WORK ITEM:
An exact copy of every record below is required, with the pictures left out.

** Opening SOURCE INFORMATION block **

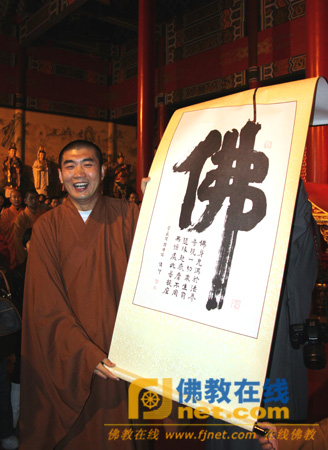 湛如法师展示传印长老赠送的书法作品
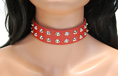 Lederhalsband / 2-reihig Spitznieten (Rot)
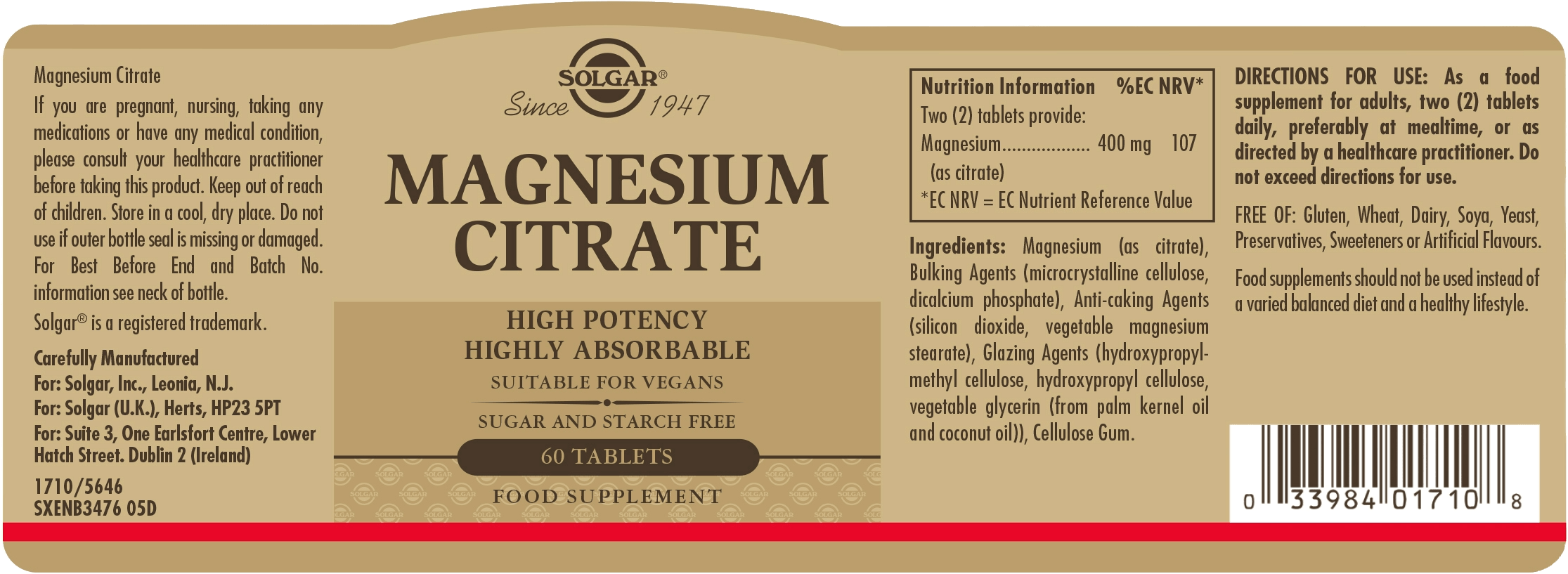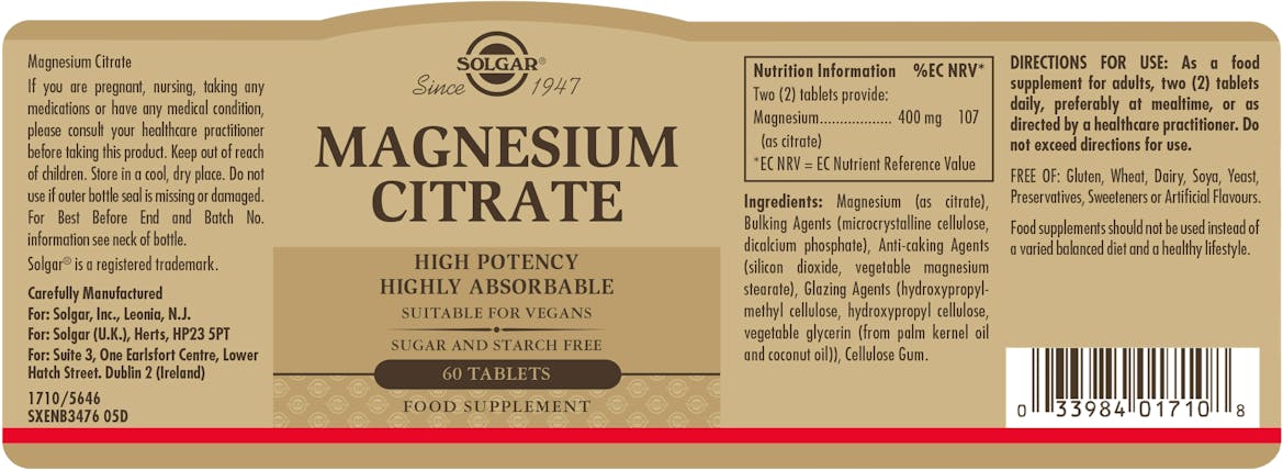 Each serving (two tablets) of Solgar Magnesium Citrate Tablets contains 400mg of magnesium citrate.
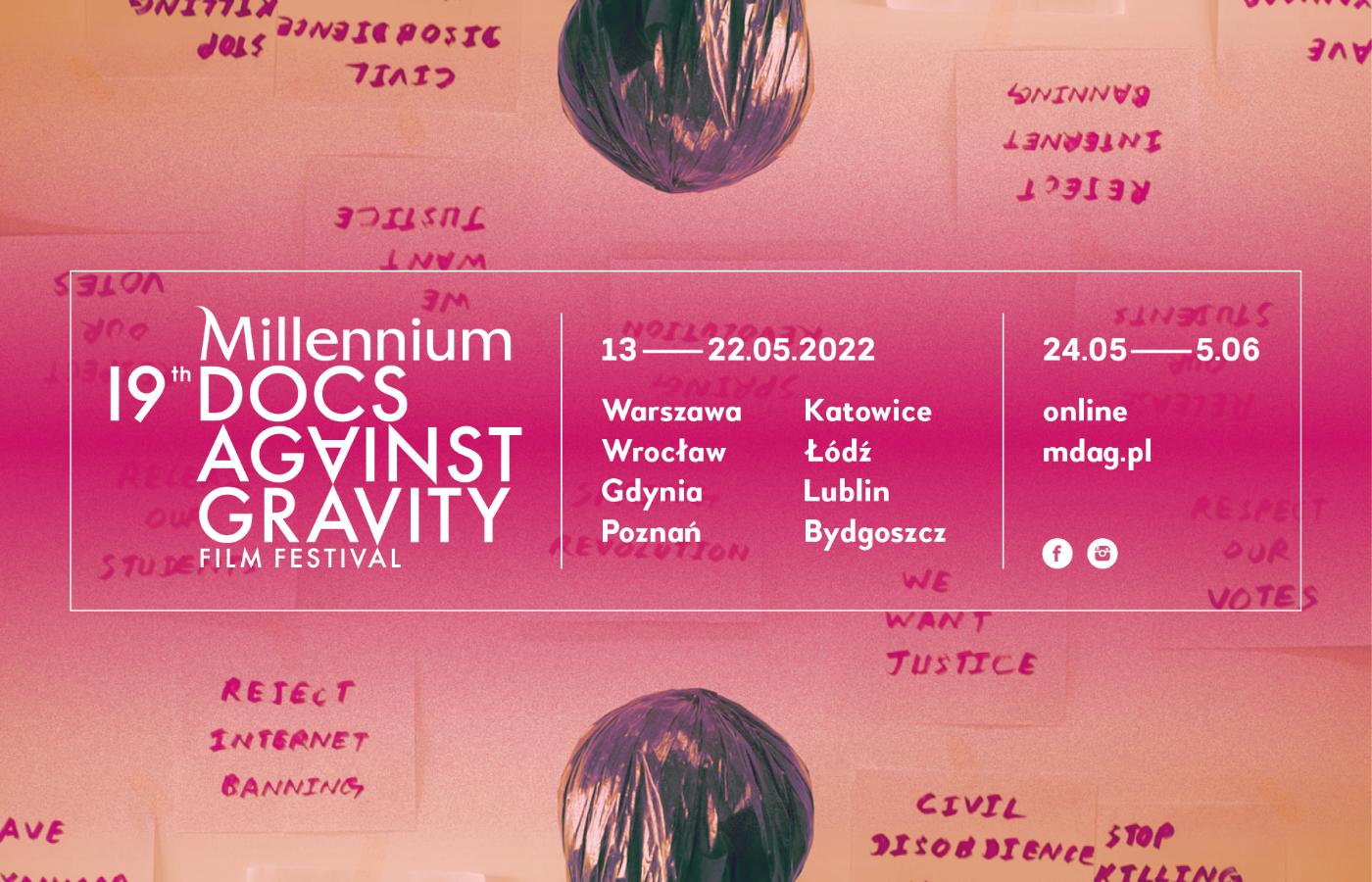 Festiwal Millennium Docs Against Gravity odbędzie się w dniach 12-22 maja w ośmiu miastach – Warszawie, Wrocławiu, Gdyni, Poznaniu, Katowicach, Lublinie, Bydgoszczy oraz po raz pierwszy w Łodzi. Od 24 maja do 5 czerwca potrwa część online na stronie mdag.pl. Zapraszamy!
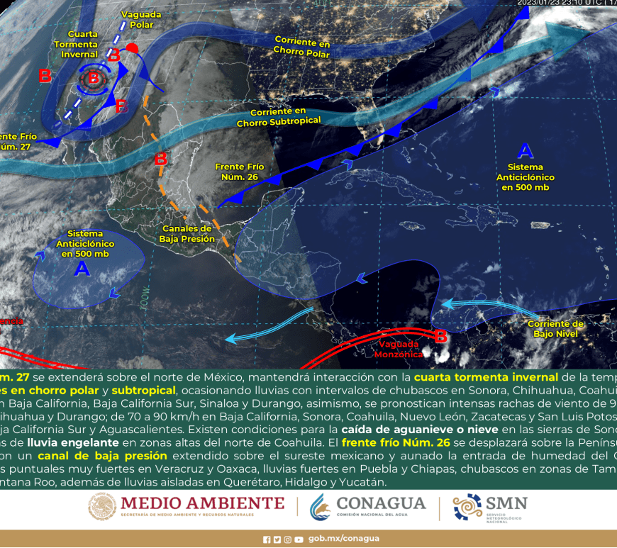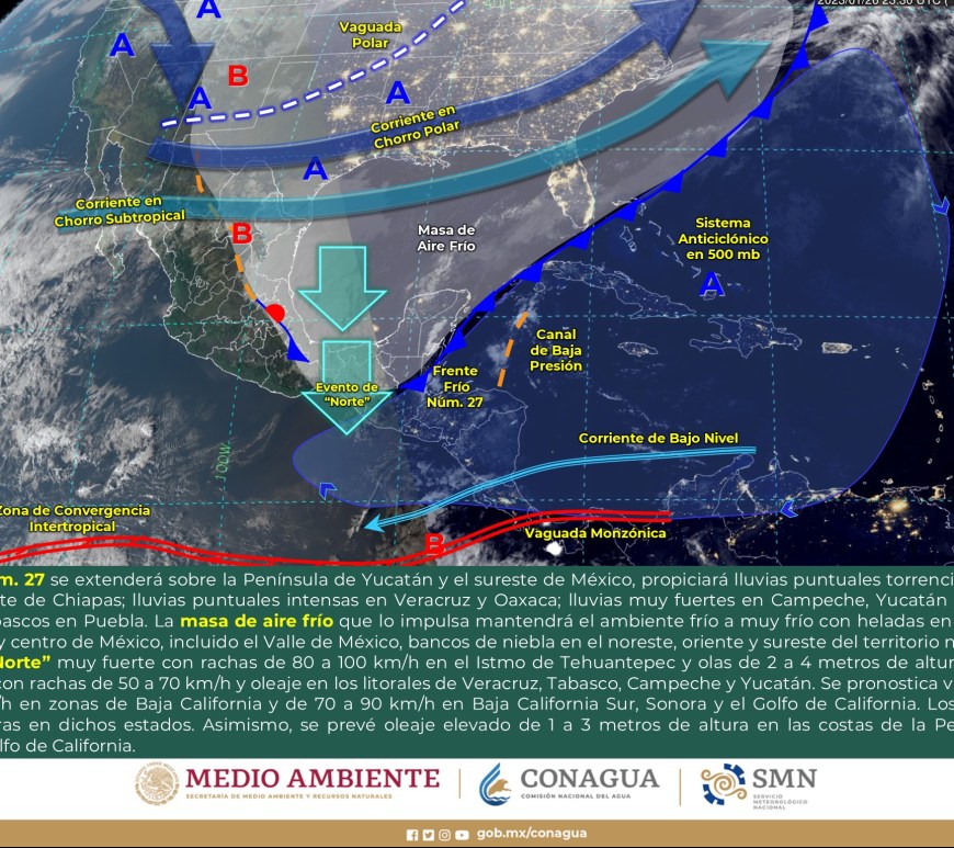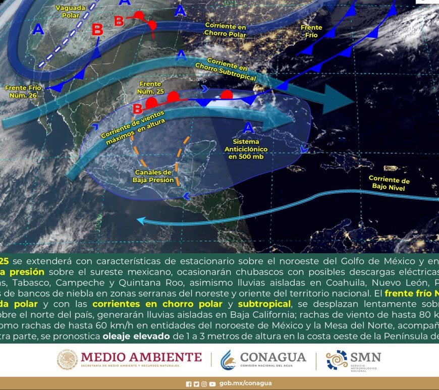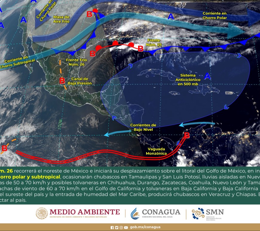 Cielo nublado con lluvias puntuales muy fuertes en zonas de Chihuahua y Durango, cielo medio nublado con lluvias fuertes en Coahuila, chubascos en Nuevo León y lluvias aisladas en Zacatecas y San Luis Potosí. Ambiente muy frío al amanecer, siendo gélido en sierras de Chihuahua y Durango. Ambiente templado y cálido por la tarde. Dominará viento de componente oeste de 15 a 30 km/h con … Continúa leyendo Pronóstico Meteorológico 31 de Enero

** Closing SOURCE INFORMATION block **

RESULT BELOW:
 湛如法师展示传印长老赠送的书法作品
 Lederhalsband / 2-reihig Spitznieten (Rot)
 Each serving (two tablets) of Solgar Magnesium Citrate Tablets contains 400mg of magnesium citrate.
 Festiwal Millennium Docs Against Gravity odbędzie się w dniach 12-22 maja w ośmiu miastach – Warszawie, Wrocławiu, Gdyni, Poznaniu, Katowicach, Lublinie, Bydgoszczy oraz po raz pierwszy w Łodzi. Od 24 maja do 5 czerwca potrwa część online na stronie mdag.pl. Zapraszamy!
 Cielo nublado con lluvias puntuales muy fuertes en zonas de Chihuahua y Durango, cielo medio nublado con lluvias fuertes en Coahuila, chubascos en Nuevo León y lluvias aisladas en Zacatecas y San Luis Potosí. Ambiente muy frío al amanecer, siendo gélido en sierras de Chihuahua y Durango. Ambiente templado y cálido por la tarde. Dominará viento de componente oeste de 15 a 30 km/h con … Continúa leyendo Pronóstico Meteorológico 31 de Enero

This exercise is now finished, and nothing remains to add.